Batch Processing (MapReduce/Spark)
Process petabytes across a cluster with automatic parallelism and fault tolerance.
Open the interactive version → diagrams, practice & moreRequirements
Functional
- Map/reduce or DAG of stages
- Data-parallel across nodes
- Fault tolerance
- Shuffle
Non-functional
- Scales to PB
- Survives worker failure
Scale
Thousands of nodes
The approach
Split input across mappers (move compute to data); shuffle/partition intermediate results by key to reducers; failed tasks re-run from lineage (Spark) or re-execute (MapReduce); a scheduler manages the DAG.
Key components
Scheduler → mappers (on data) → shuffle → reducers · lineage for recovery
Numbers that matter
- Hadoop HDFS block size is 128 MB by default; a 1 TB dataset maps to ~8,000 map tasks at that granularity.
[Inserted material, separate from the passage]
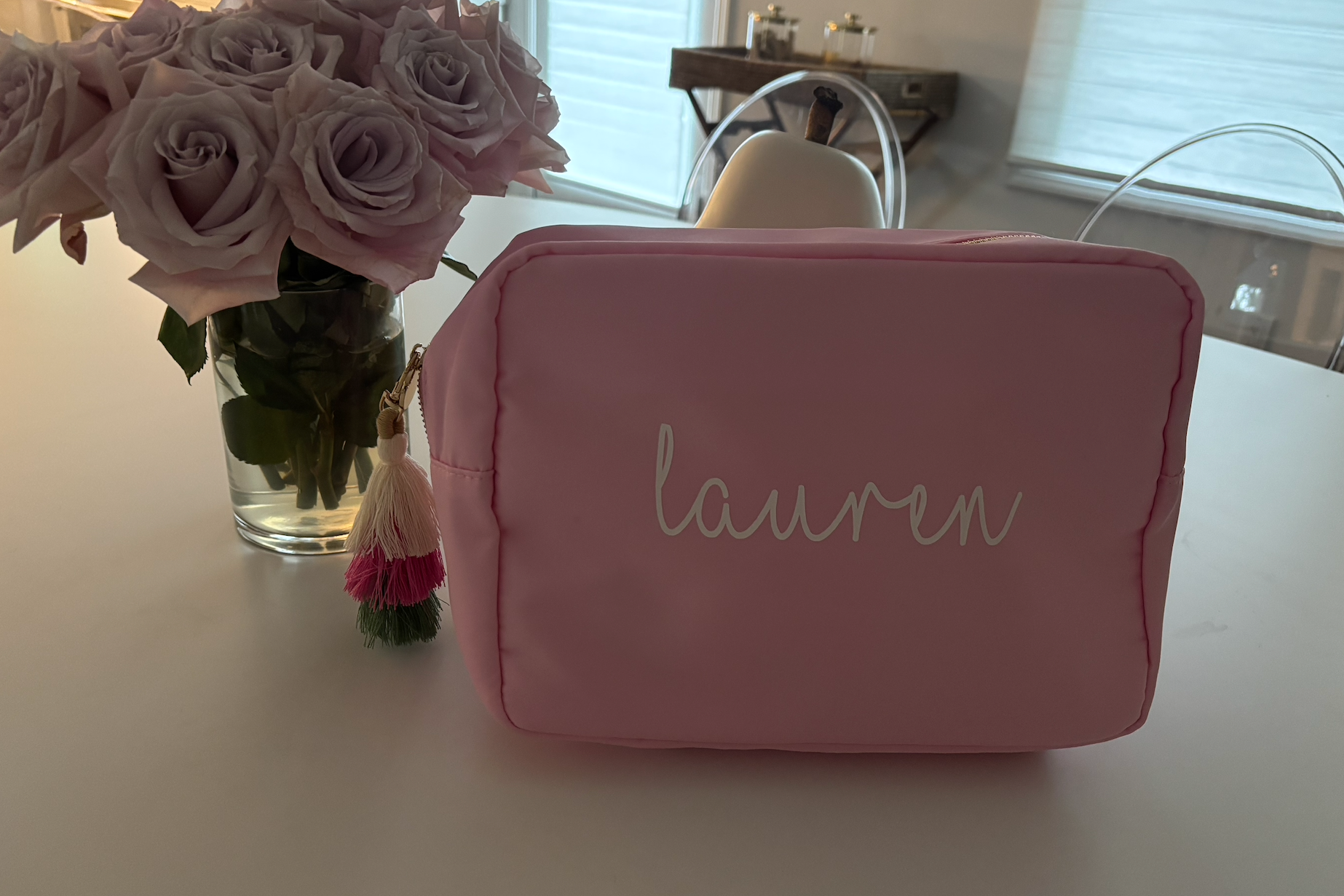 This is a pink nylon makeup bag, it is 11" wide , 7" high and 5" deep. The name is personalized in white permanent vinyl in the font i love glitter. This bag can be made with your name or your monogram in any colors .

- Spark can be 10–100x faster than MapReduce for iterative workloads (ML, graph) because RDDs keep hot data in memory across stages.
- Shuffle data can be 3–10x the input size for wide transformations like groupBy on skewed keys — this is the top cause of job OOM failures.
- Speculative execution re-launches the slowest 5% of tasks on idle nodes; stragglers routinely add 50–200% to job wall-time without it.
Senior deep-dive
Data locality is the core insight — moving compute to data is orders of magnitude cheaper than moving petabytes of data to compute nodes.
The shuffle is the only hard part: partitioning, sorting, and transferring intermediate data across the network is where most failures and slowdowns happen; Spark's in-memory shuffle cuts I/O but raises memory pressure.
Fault tolerance is free if you design for it — tasks are pure functions on immutable splits, so re-running a failed task from lineage costs almost nothing.
Splits and data locality: why you never move data
Each input split (typically one HDFS block) is scheduled on the node that holds a replica, so the mapper reads from local disk at ~500 MB/s instead of over the network at ~100 MB/s. YARN's resource scheduler ranks candidate nodes by rack proximity when the local node is busy. If you ignore locality — e.g., by using S3 as the input source — you trade away this advantage entirely and the network becomes the bottleneck.
The shuffle: where jobs go to die
After map, each output record is hash-partitioned by key and written to a local spill file; reducers pull their partition from all mapper nodes simultaneously. Shuffle bandwidth saturates the cluster switch during the merge phase — this is why Hadoop clusters over-provision 10GbE. In Spark, wide operations (shuffleMapStage → ResultStage) are the only place a stage boundary is forced; minimize them by co-locating joins on pre-partitioned tables.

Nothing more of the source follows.